Multiple U.S. studies have shown lower rates of total joint arthroplasty (TJA) among people of color in the U.S. compared with white individuals. This is true despite national initiatives aimed at combatting this inequity.

Patient-related factors such as lower health literacy may contribute to the differences, but unconscious biases held by providers can't be ignored. People of color have disproportionately higher complication rates and mortality after TJA than white patients do, and in today's cost-conscious, value-driven environment for arthroplasty, the prospect of those poorer outcomes may make surgeons less likely to offer TJA to patients of color.

Massachusetts General Hospital researchers speculated that as a result of the delay, people of color are likely to have a higher incidence of preoperative disability, compared with white individuals, if they do eventually have surgery. Evidence in support of that hypothesis is presented in The Journal of Arthroplasty by Christopher M. Melnic, MD, an orthopedic surgeon in the Hip and Knee Replacement Service, Hany S. Bedair, MD, chief of the service, and colleagues.

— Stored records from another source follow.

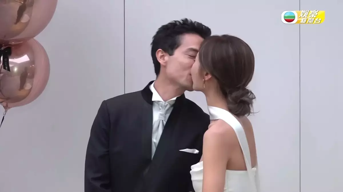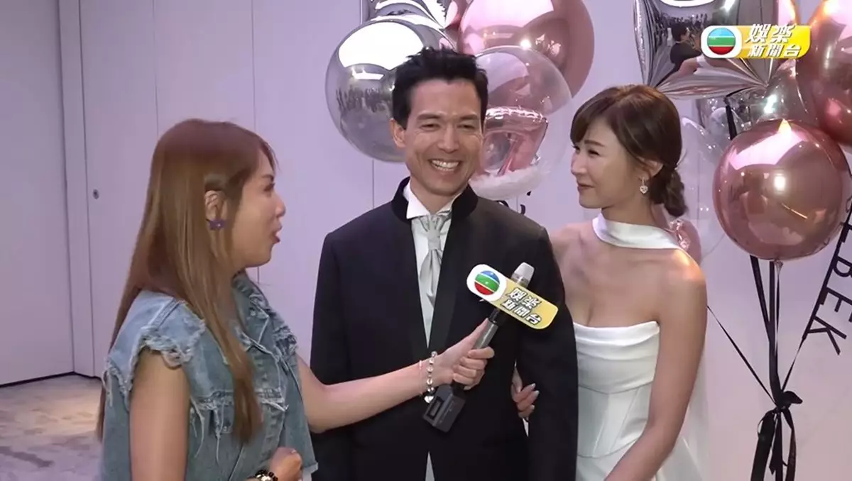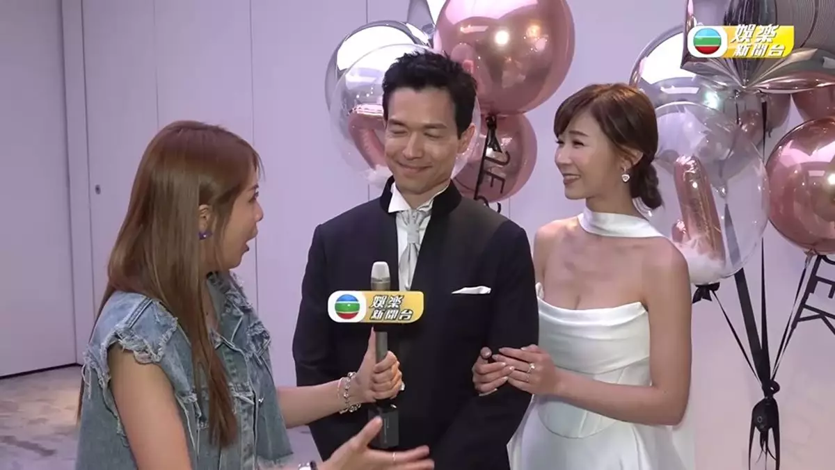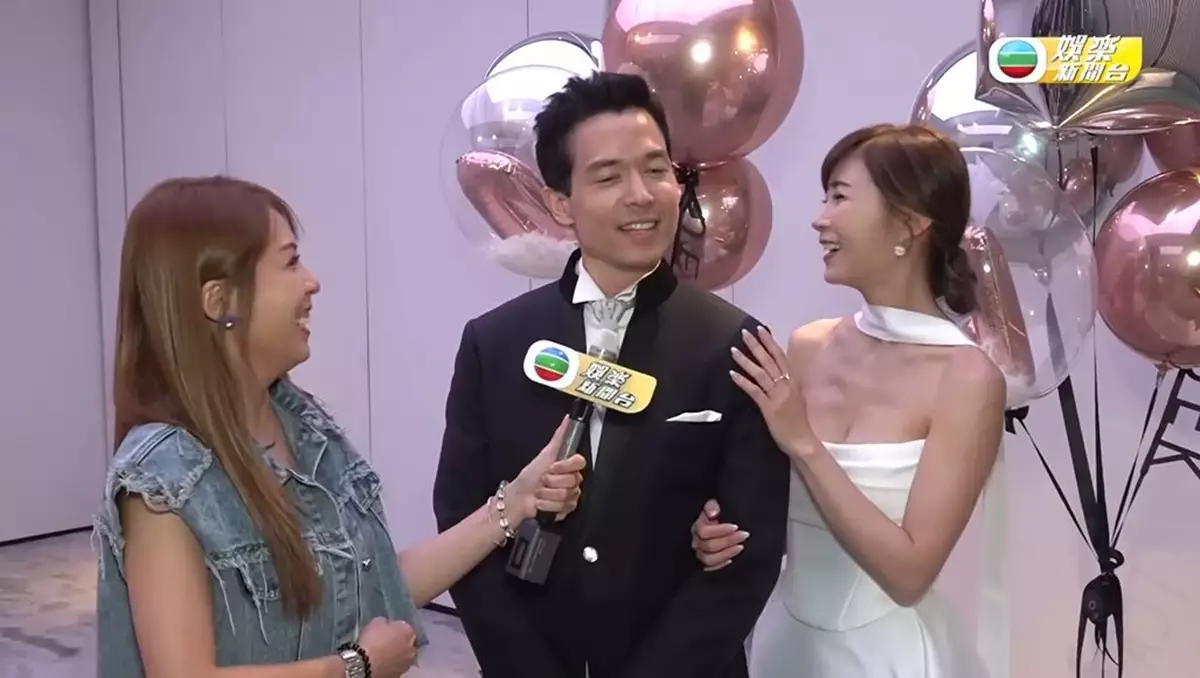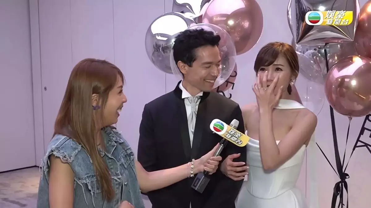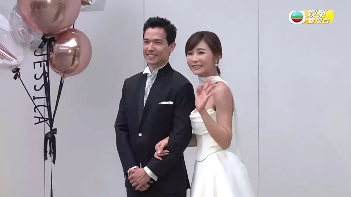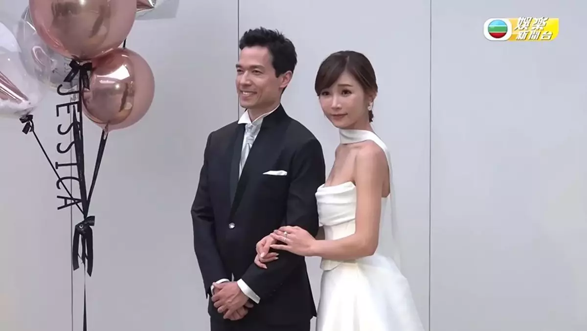 新娘子Jessica穿上純白露肩晚裝,左手戴上婚戒及近3卡求婚戒指,接受訪問時坦言舉行婚禮有點累,因為有好多程序上事要處理,但新郎Derek就指有老婆處理所有事,所以自己完全不累。Jessica解釋因為老公慫恿,所以她才獨攬籌備婚,指Derek話一個人負責先才不會有拗撬,又爆老公不參加備婚,但都會有意見,導致有頂撞出現,而且不會先低頭,笑言:「始終機師都有佢嘅堅持。」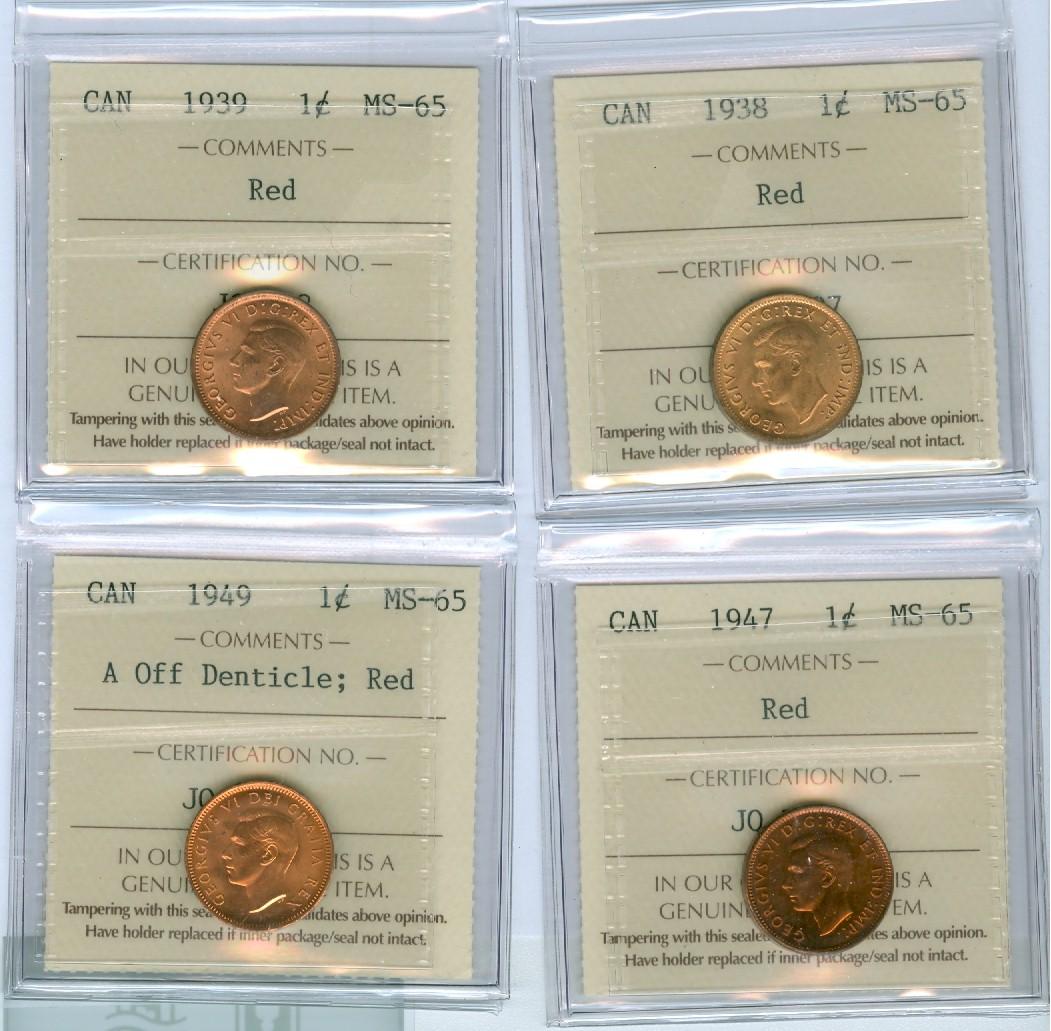 1938, 1939, 1947 & 1949 A off 1¢. Lot of four coins all ICCS MS65RD.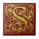 Kartläggning av dekorativa brev S inledande monogram, kalligrafi av stil-typografi, första brev i rött och faux guld (nyanser av gult med högdagrar och skuggor för att simulera gylande struktur av metallisk guld-löv).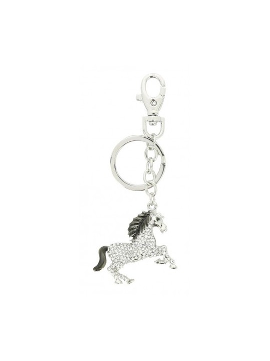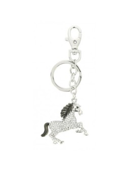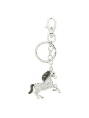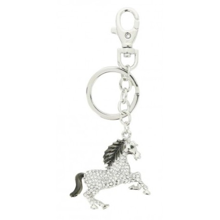 Porte-clés en forme de cheval galopant, orné de cristaux de verre.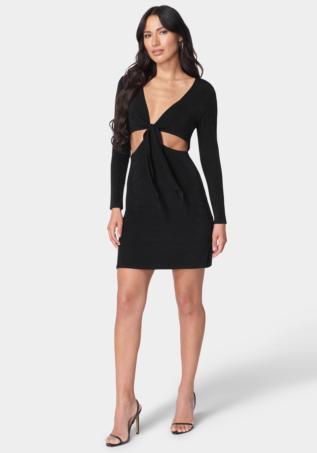 Long Sleeve Tie Front Slinky Dress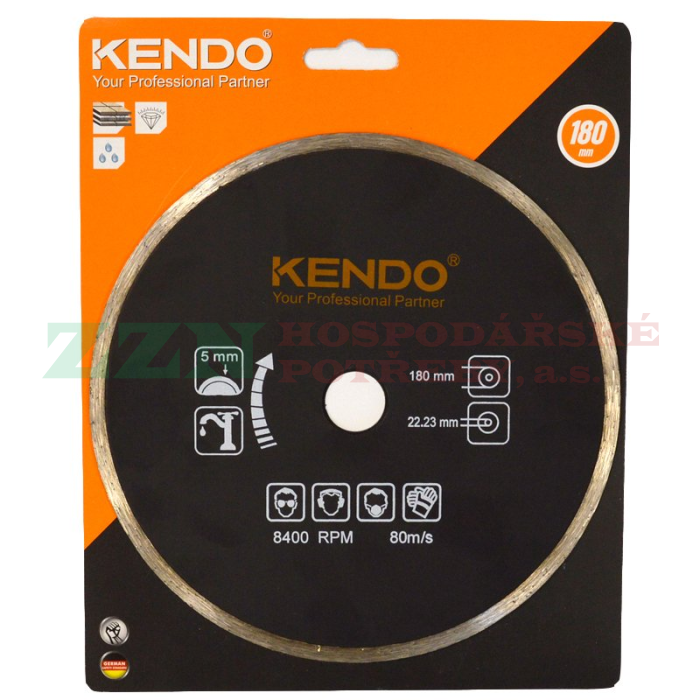 KENDO Řezný diamantový celoobvodový kotouč pro mokré řezání o průměru 180 mm, výškou segmentu 5 mm, je kotouč s nepřerušovaným segmentem po celém obvodu. Kotouč je vhodný na řezání velmi tvrdých materiálů, jako je např. keramika, glazované obklady, sklo a další tvrdé materiály.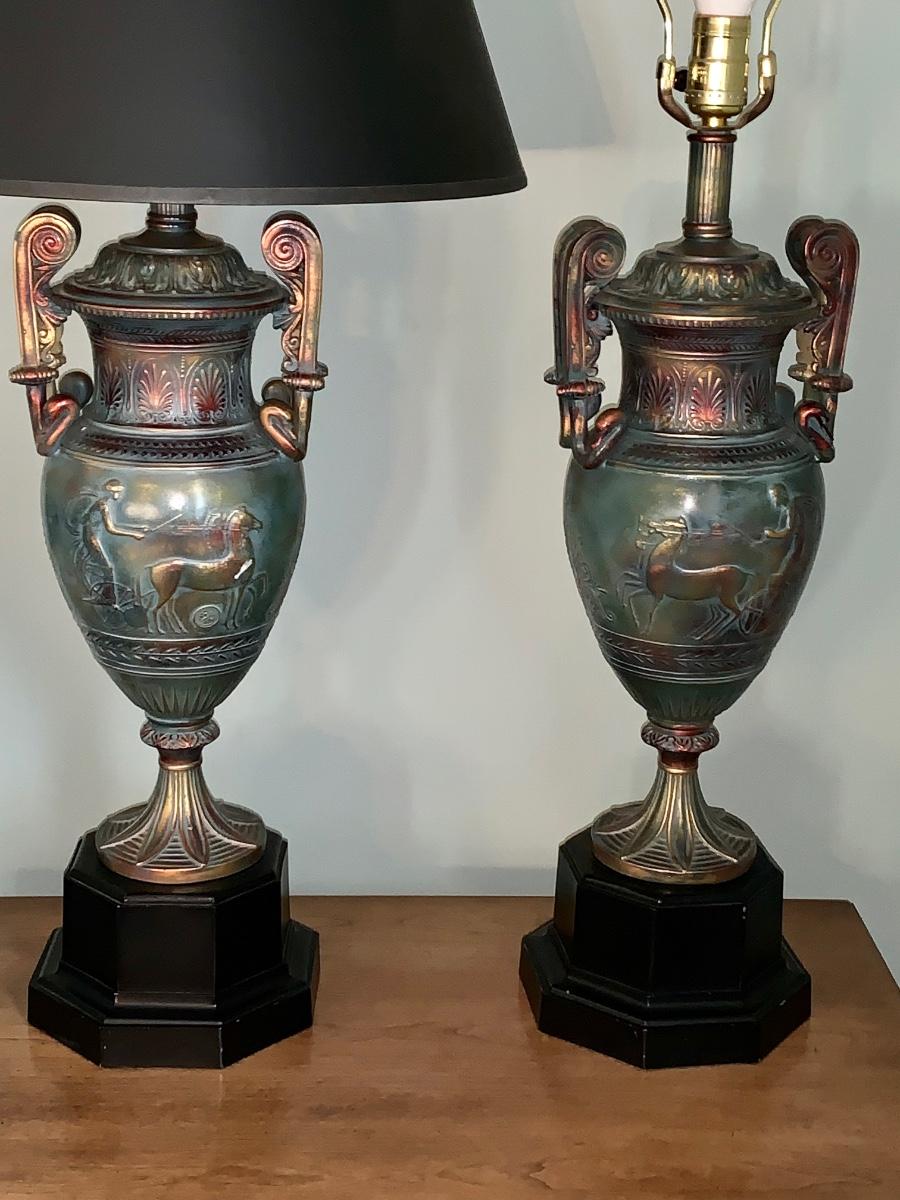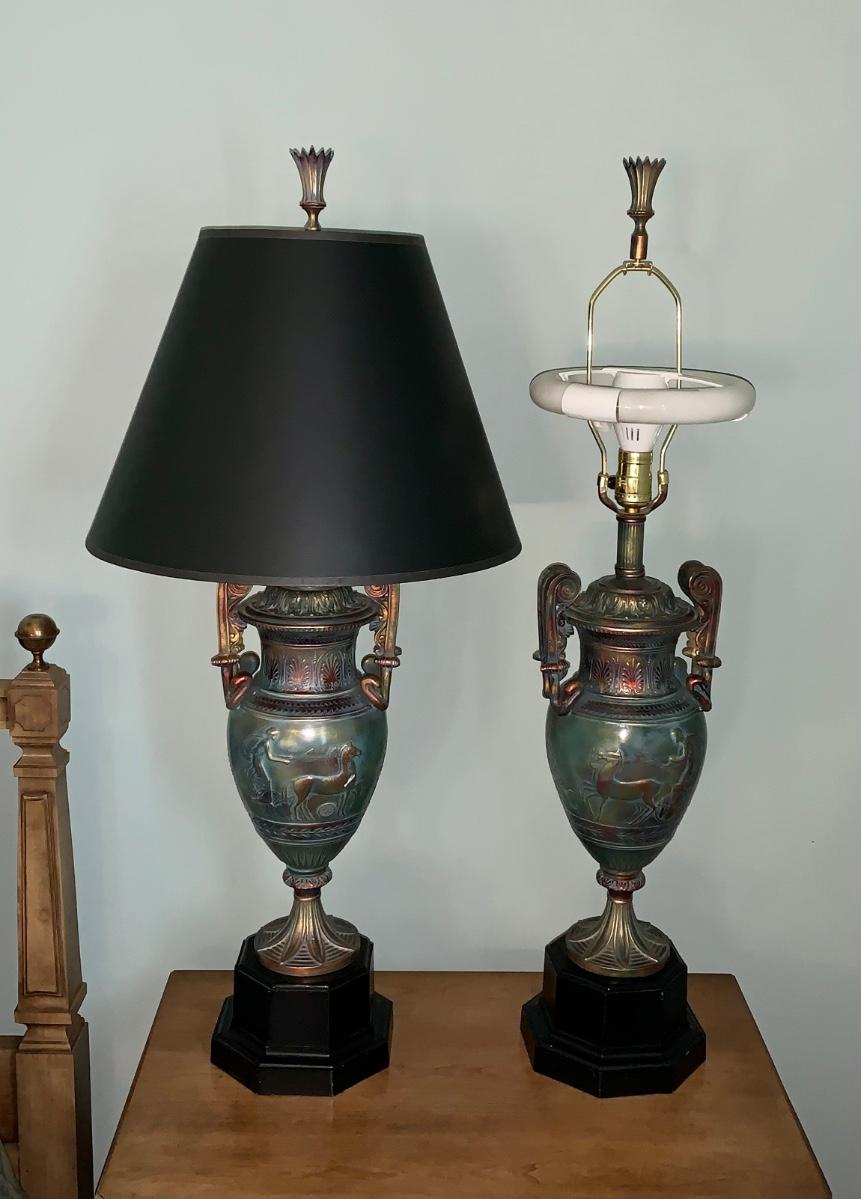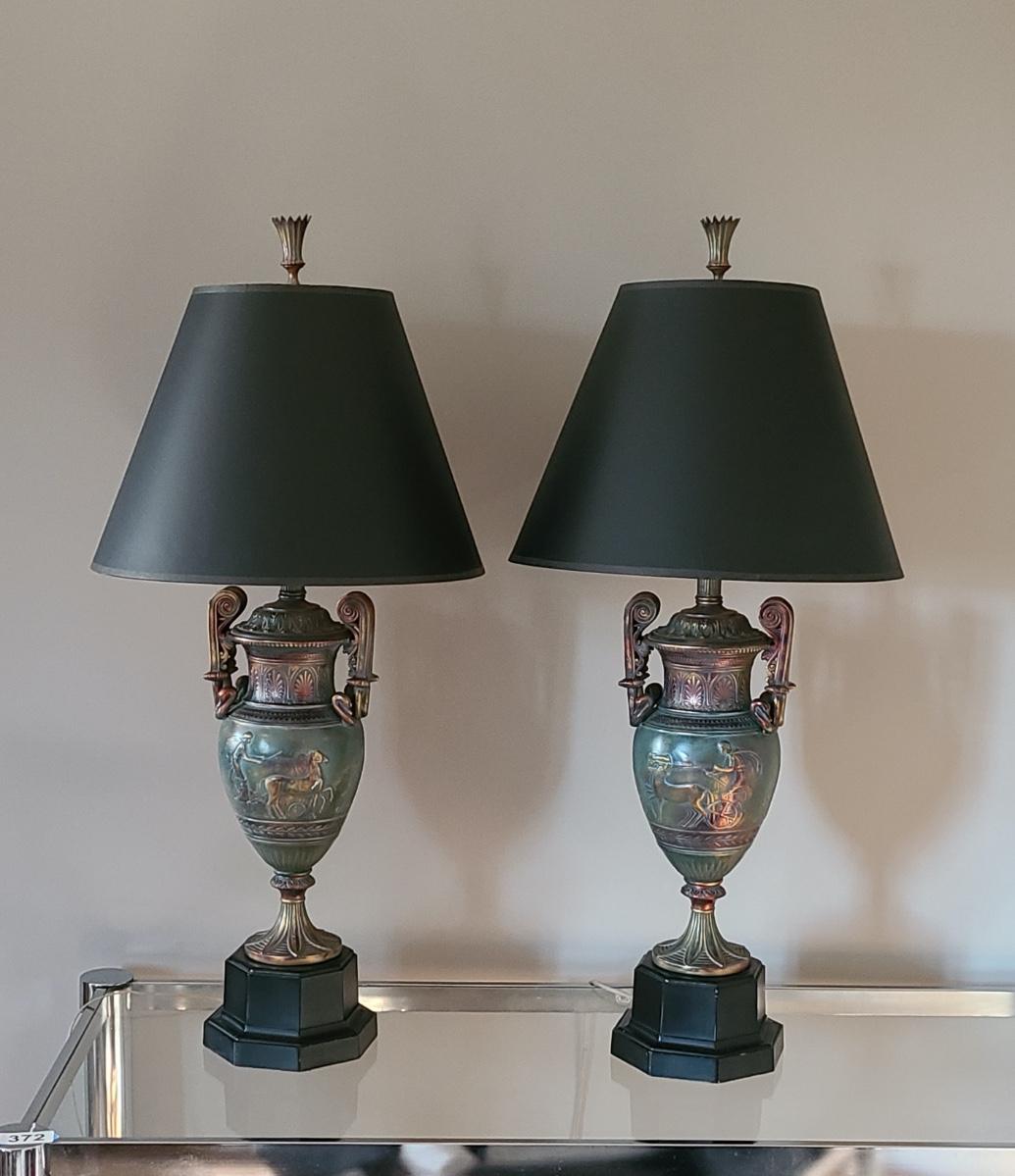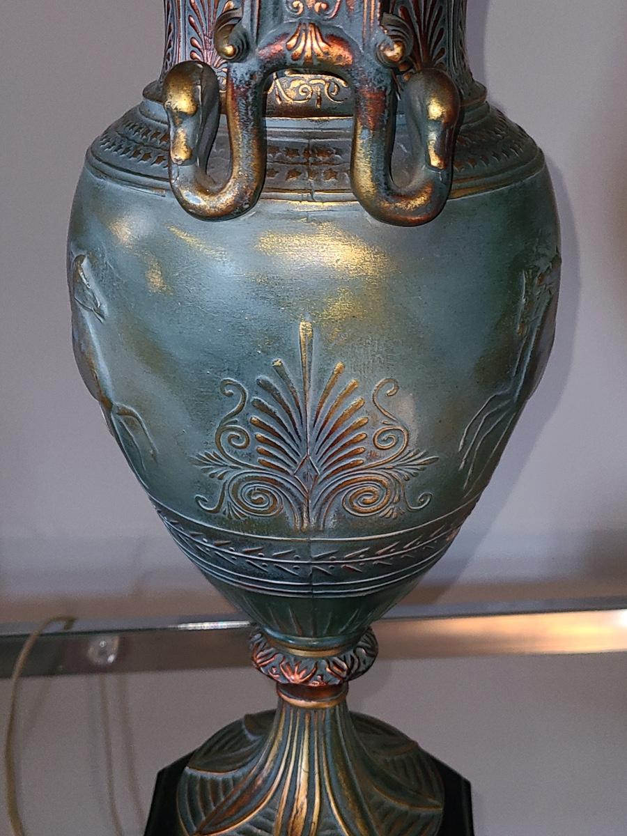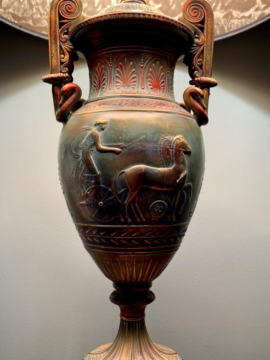 Beautiful ornate cast metal lamps with a chariot motif. These were made by Collection Francaise, Made in USA seal. Pictured in two different lights to show metalwork. Please see all pictures as they are the best representation of the items. The pictures show condition, measurements if taken, and what is included in the lot. Due to the large amount that we photograph and the time frame, we are not always able to take measurements. All items unless noted, are pre-owned and have been used. If you purchased furniture, you must bring help. We do not allow one person to carry large furniture out on their own. Bring help, tools and a truck for the safety of our client’s homes, and your personal safety. Company policy. Thank you.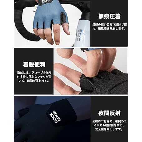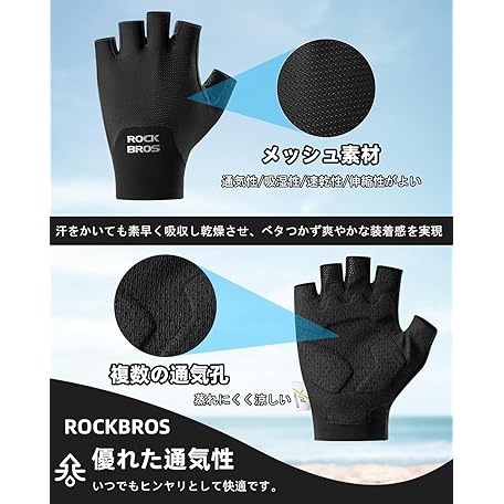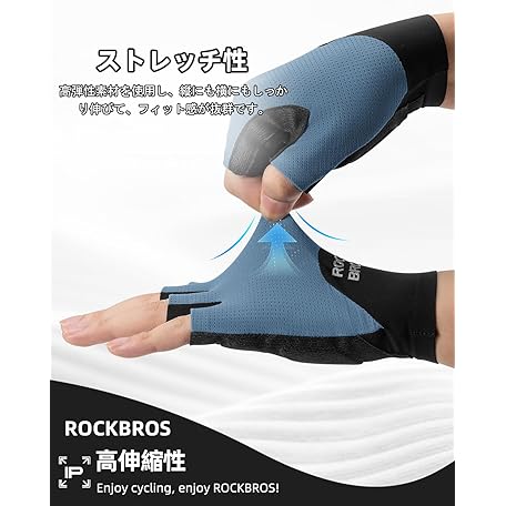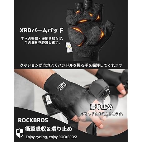 • ROCKBROS サイクルグローブ 夏 サイクリンググローブ 自転車 手袋 XRDパッド 衝撃吸収 指切り 通気性 伸縮性 耐磨耗 滑り止め 超軽量 ロードバイク サイクリング アウトドア メンズ レディース

The team identified 3,289 patients who underwent primary TJA between January 2018 and March 2021 (hip, n=1,508; knee, n=1,781). People of color represented 7.1% of the cohort (3.53% Black, 2.04% Latino/a/x, 1.37% Asian, 0.09% American Indian and 0.06% Pacific Islander).

Patients were included only if they completed patient-reported outcome measures (PROMs) within six months before surgery.

Preoperative Disability

People of color demonstrated a significantly lower preoperative score on every PROM evaluated.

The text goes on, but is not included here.